Ilustración: Sara Pachón Peláez

En 1917, Thomas Stearns Eliot tomó una posición como encargado de las cuentas extranjeras en el Banco Lloyds de Londres. Tres años atrás había llegado a la ciudad para avanzar en sus estudios de filosofía, y sus padres tenían la esperanza de, por fin, ver a su hijo como un adulto consagrado a la enseñanza universitaria. Nieto del fundador de una iglesia unitaria en St. Louis, Misuri, Eliot se había criado en esa ciudad hasta que largó hacia París y luego a Londres en busca del círculo literario que tanto ansiaba conocer. Se casó con una británica, consiguió algunos cargos inocuos en revistas y publicaciones literarias, se hizo una vida endeble entre la élite cultivada de Londres. Su padre, sin embargo, esperaba de él una ganancia efectiva, tangible; su madre, que lo había impulsado a escribir poemas desde la niñez, quería a un poeta. Quizás al mejor poeta.

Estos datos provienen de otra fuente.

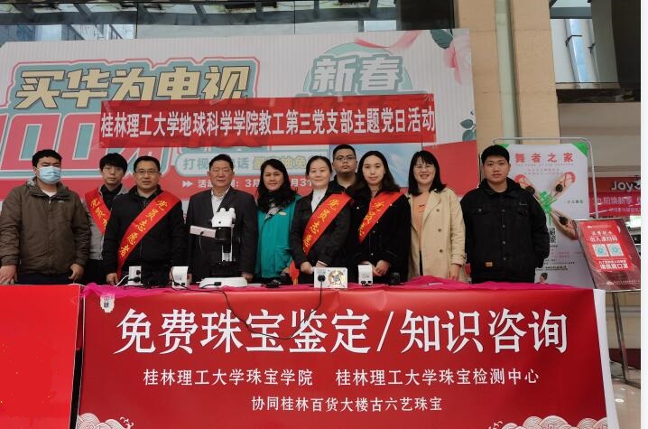 2021年3月15日,2138CC太阳集团教工三支部党员依据自身专业特长,联合2138CC太阳集团珠宝检测中心组织了“学习雷锋精神、义务珠宝鉴定”的主题党日活动,上午在桂林百货大楼、下午在珠宝检测中心实验室开展。
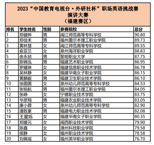 根据2023年“中国教育电视台•外研社杯”职场英语”挑战赛福建赛区决赛结果,现将演讲、写作选手成绩公示如下,公示期限为三个工作日。公示期结束后将发布两个赛项的获奖情况以及晋级国赛的院校和选手。
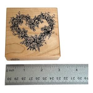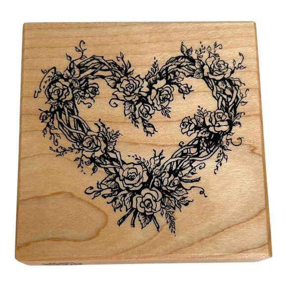 Vintage Rubber Stamp PSX G-553 Heart Shaped Wreath of Vines and Roses 1993
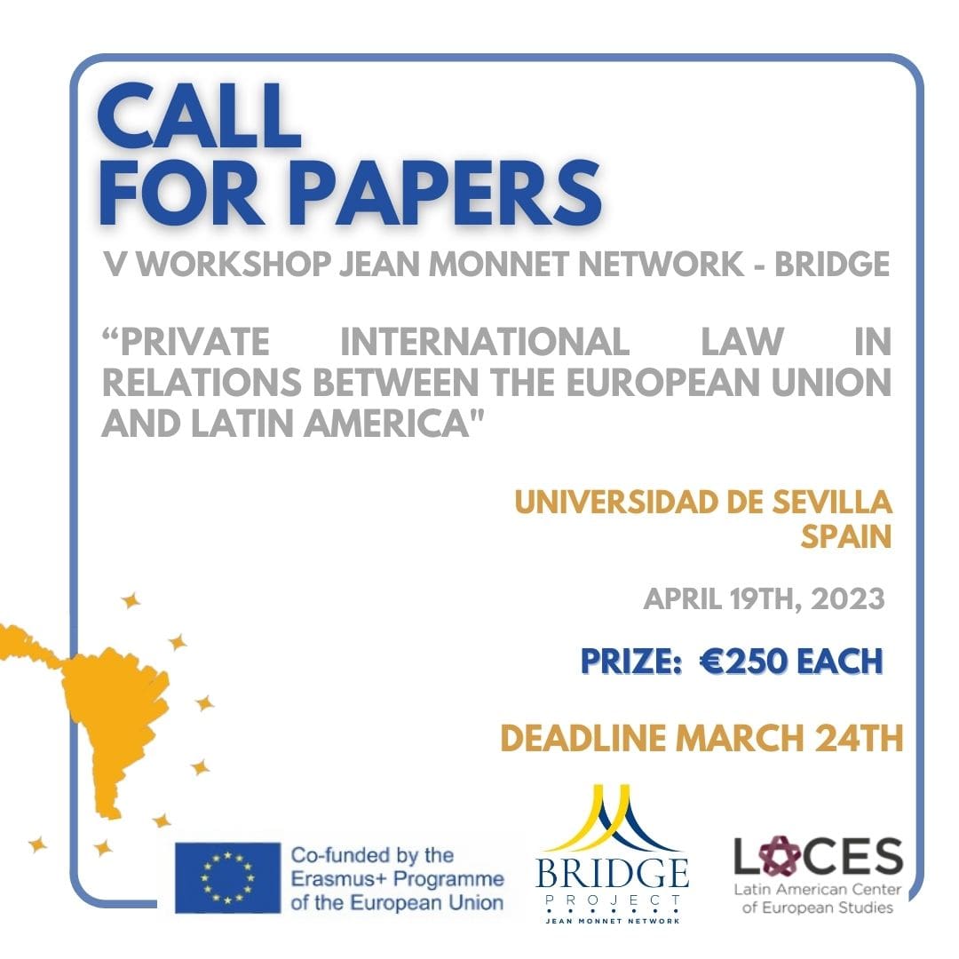 El proyecto Jean Monnet Network – BRIDGE, que es cofinanciado por el Programa Erasmus+ de la Unión Europea, y el Centro Latinoamericano de Estudios Europeos invitan a toda la comunidad académica para enviar sus artículos académicos para el V Workshop del Jean Monnet Network – BRIDGE sobre “El Derecho Internacional privado en las relaciones entre la Unión Europea y América Latina”, que tendrá lugar virtualmente en modalidad híbrida en la Universidad de Sevilla (España) el 19 de abril de 2023.
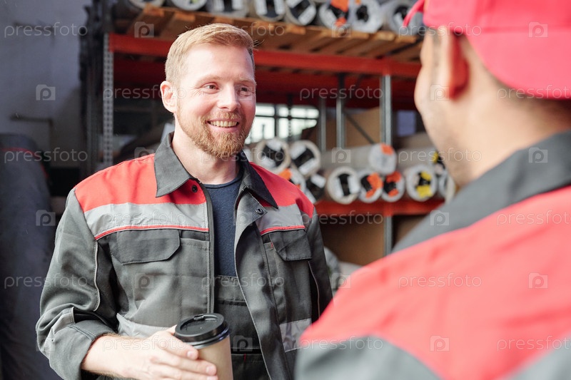 Улыбающийся работник в форме пьет кофе во время разговора с коллегой
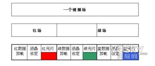 想要直接用RGB的LED來取代濾色片看上去好像很簡(jiǎn)單,其實(shí)是不可能的。因?yàn)闉V色片是把每一個(gè)像素都分成三種不同顏色的子像素,如果直接用三種顏色的LED來取代濾色片,就必須采用小到和子像素尺寸一樣大的LED來照射每一個(gè)子像素,才不會(huì)使紅光照到綠光的子像素上。這樣,LED的個(gè)數(shù)就要幾百萬個(gè)之多。為維持像素?cái)?shù)不變,唯一的方法是重復(fù)使用這些像素,也就是采用時(shí)分復(fù)用制。這樣只要順序地發(fā)射出紅光、綠光、藍(lán)光,同時(shí)控制每個(gè)像素的薄膜晶體管(TFT),使其相應(yīng)地按照該像素在這種顏色時(shí)所應(yīng)當(dāng)具有的的強(qiáng)度來開啟液晶光閥。但是,要順序地發(fā)出紅、綠、藍(lán)三種顏色,并能形成一個(gè)彩色的視頻圖象,就必須利用人眼的視覺殘留作用。只要這三種顏色順序重復(fù)的周期小于人眼的視覺殘留時(shí)間,就可以在人們的大腦中形成一個(gè)彩色的圖象。視覺殘留時(shí)間實(shí)際上就是電視的場(chǎng)頻周期,在PAL制中為五十分之一秒。這也就要求在五十分之一秒的時(shí)間內(nèi)必須完成紅、綠、藍(lán)三個(gè)圖象的顯示。因此,這種方式被稱為“場(chǎng)順序”體制,也有人稱之為“色順序”體制。
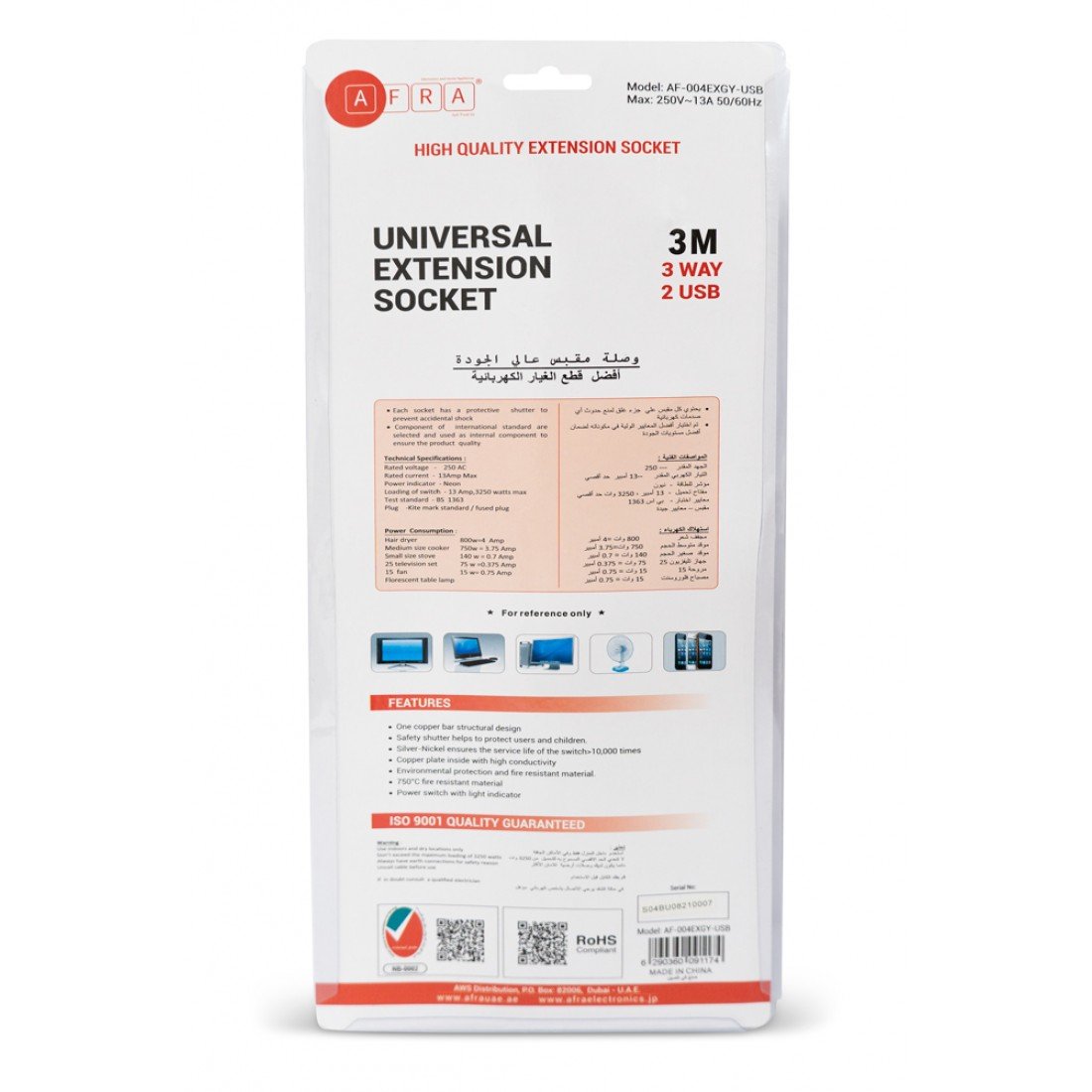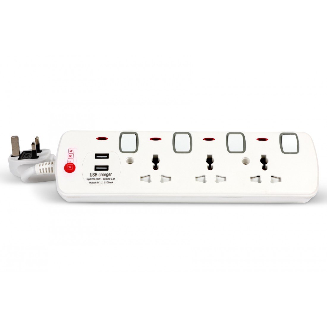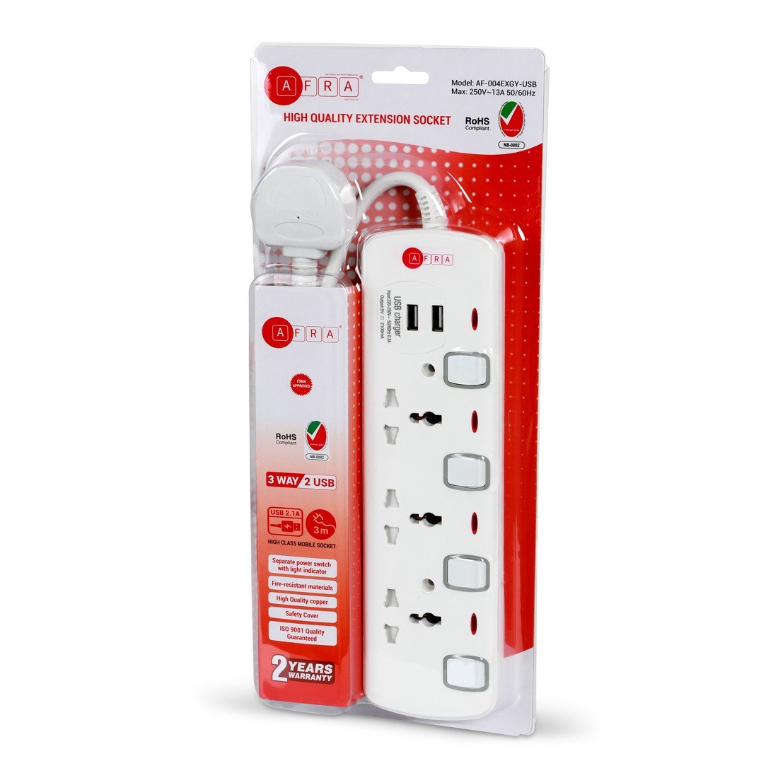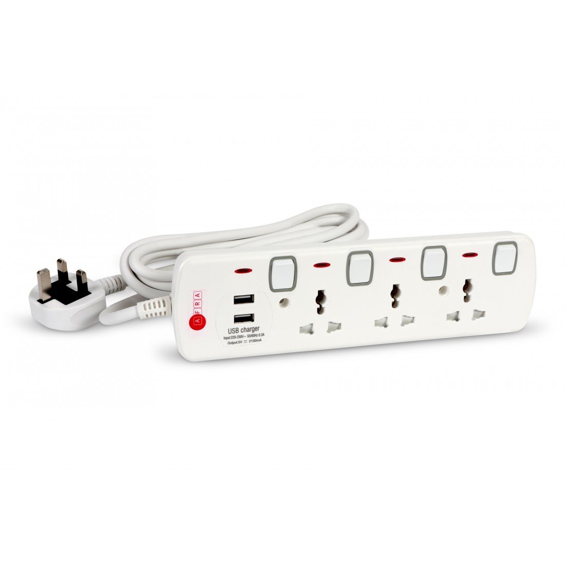 The AFRA Extension Cord AF-004EXGY-USB offers versatile power solutions with a 3-meter cable and 2 USB charging ports for simultaneous device charging. Designed with shock-proof plastic housing, it ensures maximum safety for home and office use. Compatible with standard 250V power supply, this extension cord is ideal for powering multiple devices while charging smartphones, tablets, and other USB-powered gadgets. Built for durability and reliability, it comes backed by a 2-year warranty for peace of mind.

Eliot se dio cuenta de que su vida, tal vez, no era la mejor. Entonces encontró aquel puesto en el banco, y supo que su padre lo consideraría un triunfo. Entonces le escribió una carta: “Mi posición social es tan buena como la del editor de una publicación. Sólo escribo lo que quiero y todos saben que cualquier cosa que escribo es buena. Puedo influenciar la opinión londinense y la literatura inglesa de una mejor manera. (...) Hay un pequeño y selecto grupo que me clasifica como el mejor crítico viviente, y también como el mejor poeta, en Inglaterra. Debo escribir al Athenaeum y mantenerme allí. Tengo mucha simpatía por el editor, quien es uno de mis admiradores más cordiales. Con eso y Egoist y una revista principiante en la que estoy interesado, y que estará gustosa de recibir todo cuanto envíe, tendré más que suficiente poder para satisfacerme. De verdad creo que tengo más influencia en las letras inglesas que cualquier otro estadounidense, excepto Henry James”.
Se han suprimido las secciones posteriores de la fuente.